The which-am-i function first returns its prediction and then also includes the distance from the test data set to each of the trained labels so that we can tell how close it was to being classified as something else.

We got an accuracy of 80.657% when classifying new values with this algorithm which isn’t great but doesn’t seem too bad given how simple it is and that we were able to get it up and running in a couple of hours.

The code is on Jen’s github if you’re interested in seeing more.

Written by Mark Needham

October 23rd, 2012 at 7:04 pm

Posted in Machine Learning

Tagged with

  • Julio Aguilar

    This is a nice example of applying Clojure to some real problem and it’s a great read. I’ll have a blast re-doing this in Groovy. :)

    But… I have to be picky about something.
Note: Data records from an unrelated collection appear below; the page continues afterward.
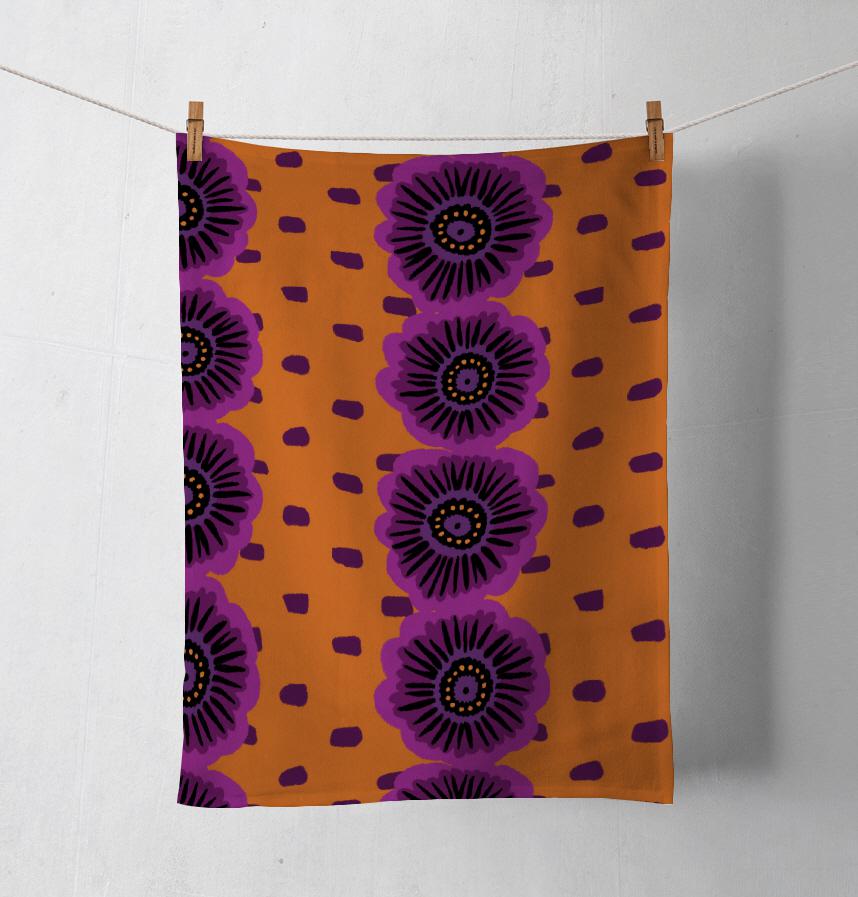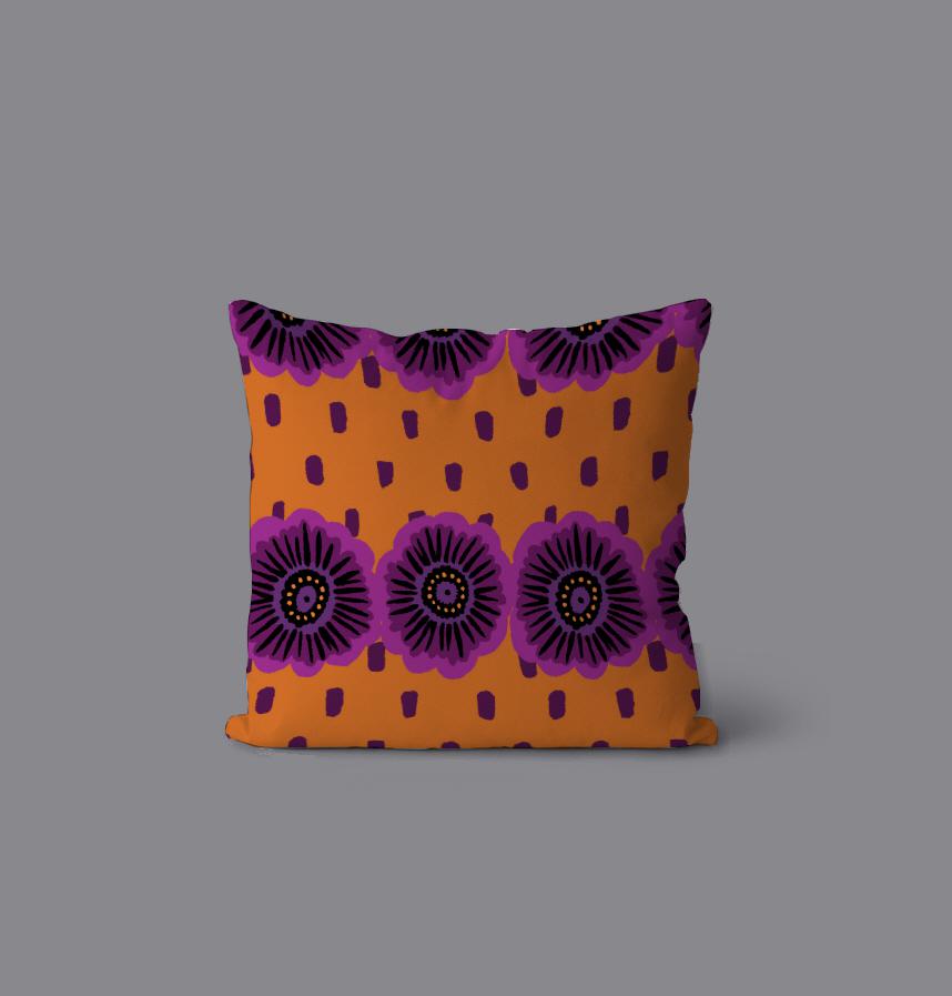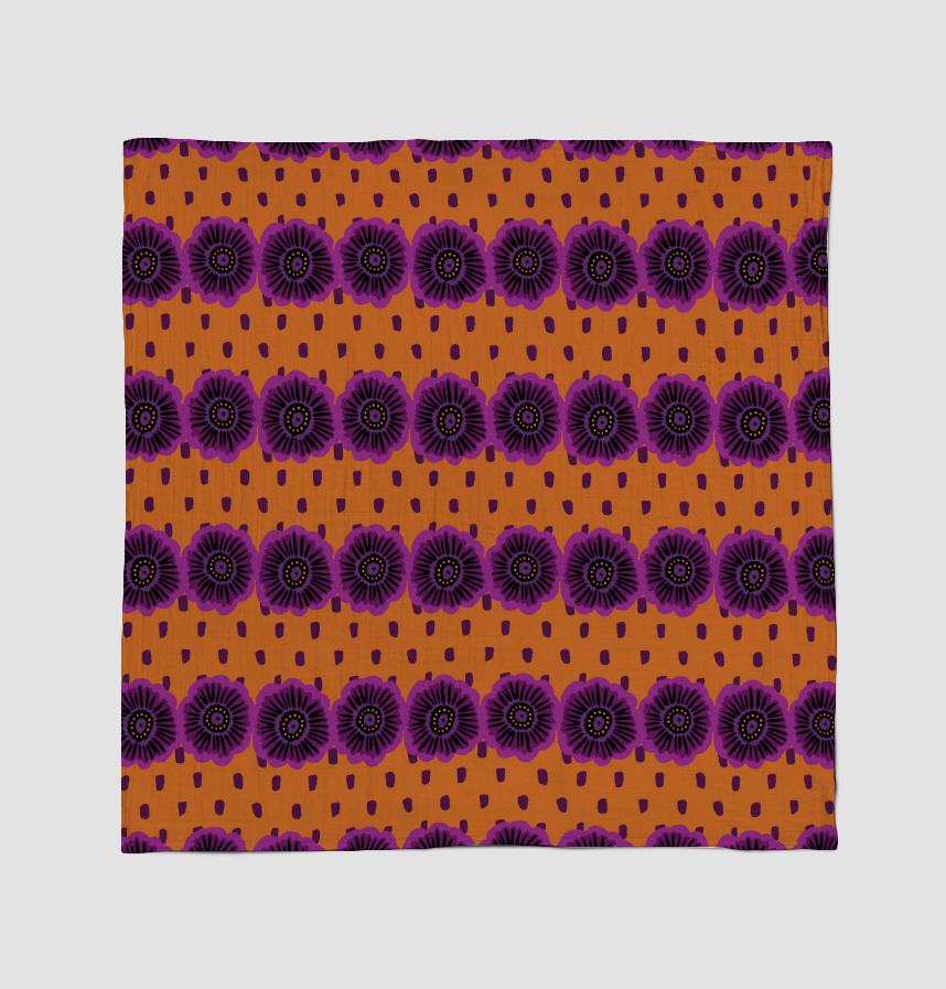 パターン説明 レトロな色合いの手描きの花×ドット模様。
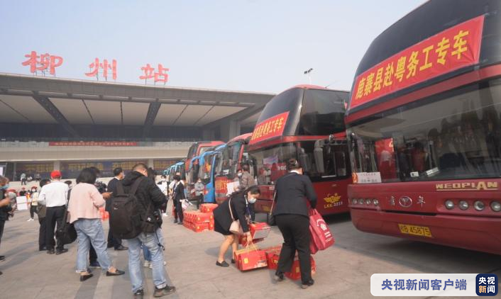 除了百色,23日早上,柳州市也开行了D2994次柳州至广州南的动车专列,“点对点”运送355名赴粤务工人员。柳州市各县区、柳州市人社部门准备了口罩、防疫知识手册、食物等物品,免费发放给务工人员。
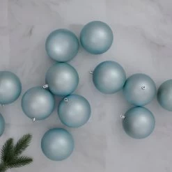 12ct Light Blue Glitter Textured Glass Christmas Ball Ornaments 1.75″ (45mm)

    I’ve recently revised the K-Means algorithm in class and when I found this I thought it was an interesting application but I did not understand how you were applying the algorithm.
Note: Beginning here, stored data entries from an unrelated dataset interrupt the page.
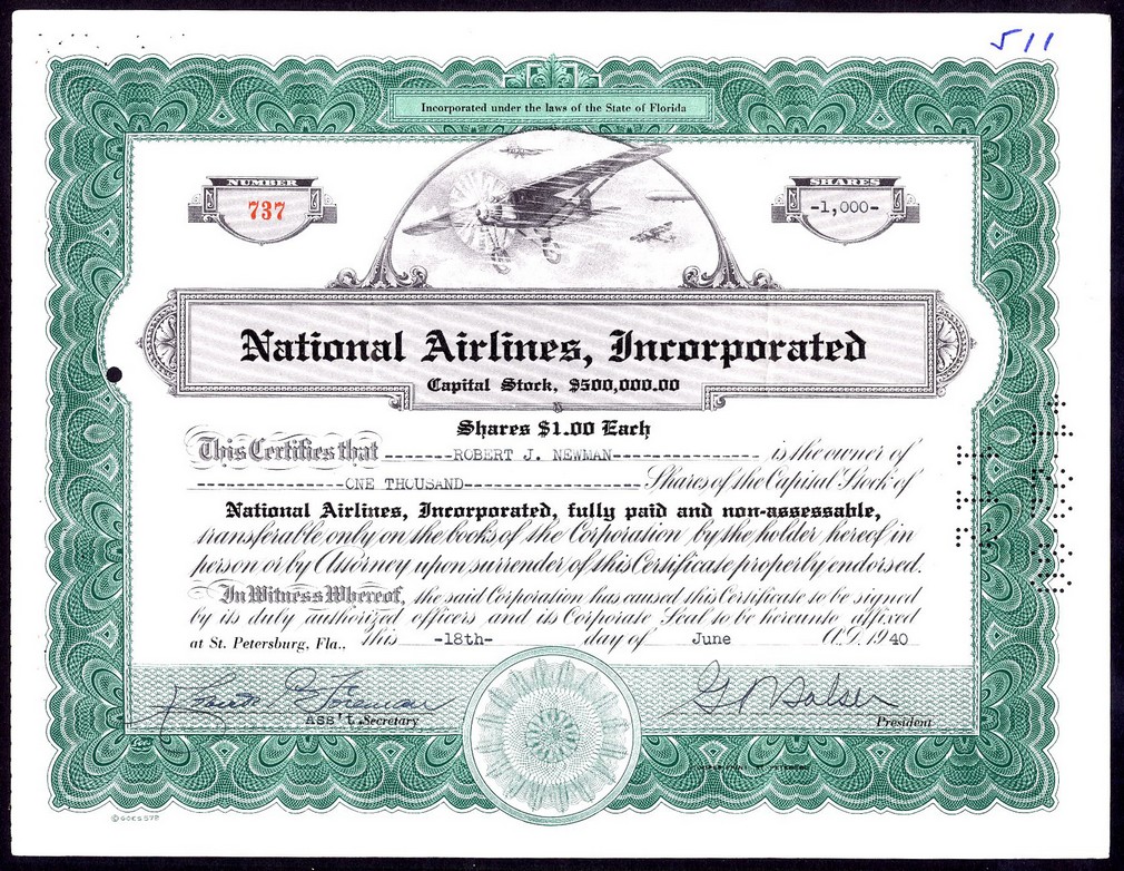 National Airlines, Incorporated (FL), certificate for $1 shares, 19[40], #737, ornate border, vignette of aricraft at top, green and black, EF.
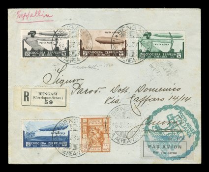 334 c Sieger #212G imageSieger #212G, 1933 Italian Flight, rare registered full Zeppelin set cover with all six values plus two other adhesives tied by "Bengasi/Posta Aerea-Zeppelin/25 5 33" c.d.s., flown on the flight around Rome, violet Italian flight cachet, backstamped with the Rome machine cancel, unobtrusive vertical fold not affecting the stamps or markings, very fine; an exceptionally rare cover with the complete Zeppelin set and only a few made; signed A. D(iena), Bolaffi (Sieger €2,000; Michel #303Ea). (Image) Est. 1,000-1,500
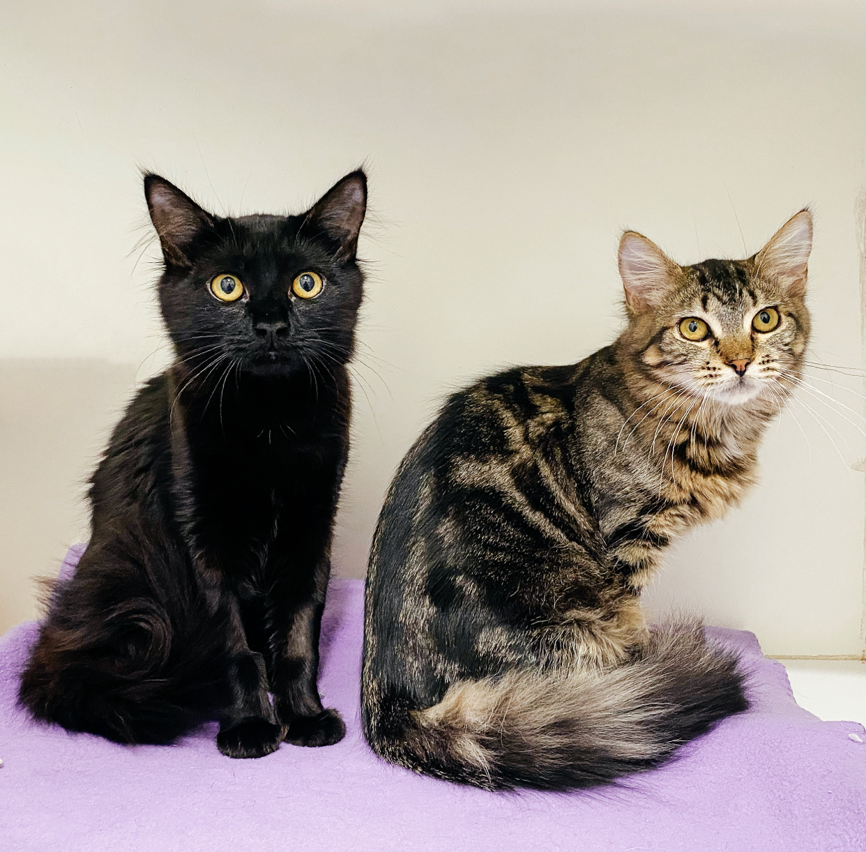 My name is Hallie, I’m the one with the luscious black coat, and the cute tabby to the right is my sister and best friend Sally!
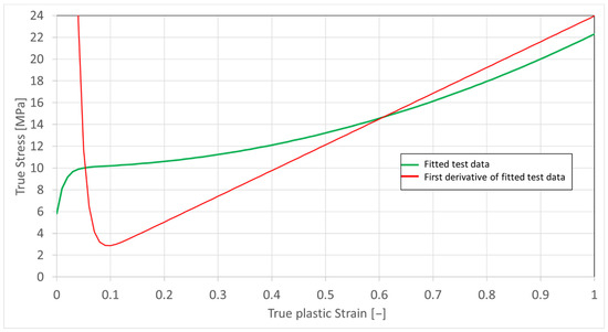 Figure 11 shows the true stress vs. true plastic strain and the first derivative in the same chart. According to Equation (8), the material instability occurs when the 1st derivative of the true stress vs. true strain curve equals the true stress value, which is the first crossing point. This corresponds to the maximum stress in the engineering stress vs. engineering strain diagram.

    After re-reading several times I think I understand but I don’t see taking the average in every pixel as a variation of the k-means clustering since you are splitting the problem in 10 (by label) and in each one you are restricting the data in each dimension and taking the averages only once therefore not really allowing the iterative definition of clusters, which is for me the most important part of the K-Means.

  • Mark Needham

    @google-218e55ff1f5db01dd6ce169a1ceb945c:disqus yes you’re right we weren’t entirely sure whether what we’ve written counts as K-means or not based on the normal definition but a colleague who knows much more about this than us suggested it was!

    Given the actual definition with the needs for iterations to create clusters perhaps this algorithm isn’t the right one to use for what is actually a supervised learning problem rather than an unsupervised one? 

    Paste/link to your Groovy implementation when you finish it, would be good to see!